– Три врача? – с испугом переспросил Суврэ. – Но, государь, тогда всё понятно: «Que vouliez-vous qu'il fit contre trois?»[53]
Король рассмеялся и с явным благоволением потрепал маркиза за ухо. Непостоянный, в достаточной мере чёрствый и себялюбивый, Людовик был далеко не расположен серьёзно оплакивать кого бы то ни было, но он боялся нареканий, а потому должен был разыгрывать из себя скорбящего. Маркиз Суврэ, не перестававший шутить и теперь, был ему, таким образом, очень удобен; с ним, по крайней мере, можно было не притворяться. Поделись он, пожалуй, своим притворным горем с Жевром или Мортмаром, те начали бы подлаживаться под настроения короля, принялись вздыхать, охать, стонать!
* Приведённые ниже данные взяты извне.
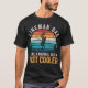 Esta t-shirt preta apresenta um gráfico circular retrô-estilo com um pôr do sol listrado em tons de laranja, amarelo e azul. Uma silhueta de um capataz trabalhando em um polo de força está centrada dentro do círculo, flanqueada por árvores. O texto "PAI LINEMAN" é curvo acima do gráfico e "COMO UM PAI NORMAL APENAS REFRIGERANTE" é exibido abaixo em uma combinação de fontes brancas e amarelas.

– Но одной смертью герцога ещё не исчерпываются мои огорчения, – продолжал Людовик. – Конечно, мне очень жаль Тремуйля, но ведь в конце концов мы все там будем. Пусть Тремуйль умер слишком рано, но кто же умирает не рано? Ведь смерть никогда не является желанной гостьей! В таких случаях приходится жалеть не об отошедших, а об оставшихся, и, право же, одним из этих оставшихся являюсь я сам! Ты – мне верный друг, Анри, и я, пожалуй, откровенно расскажу тебе, в чём дело. Но смотри – никому ни единого слова об этом! Ты знаешь, существуют вещи, которых я не прощаю никому и никогда. Нарушение моего доверия из их числа!.. Только вот что, не позавтракать ли нам? Я что-то проголодался, да и ты, вероятно, не прочь подкрепиться после всех треволнений. Башелье! – сказал Людовик вошедшему на его звонок камердинеру. – Сегодня все приёмы отменяются; всем желающим видеть меня говори, что король оплакивает Тремуйля и не может никого принять. Затем накрой нам здесь стол на двоих и принеси лёгкий завтрак – ну, два-три горячих блюда и несколько холодных. Поставь всё это сразу и уходи! Да не забудь вина! Ступай!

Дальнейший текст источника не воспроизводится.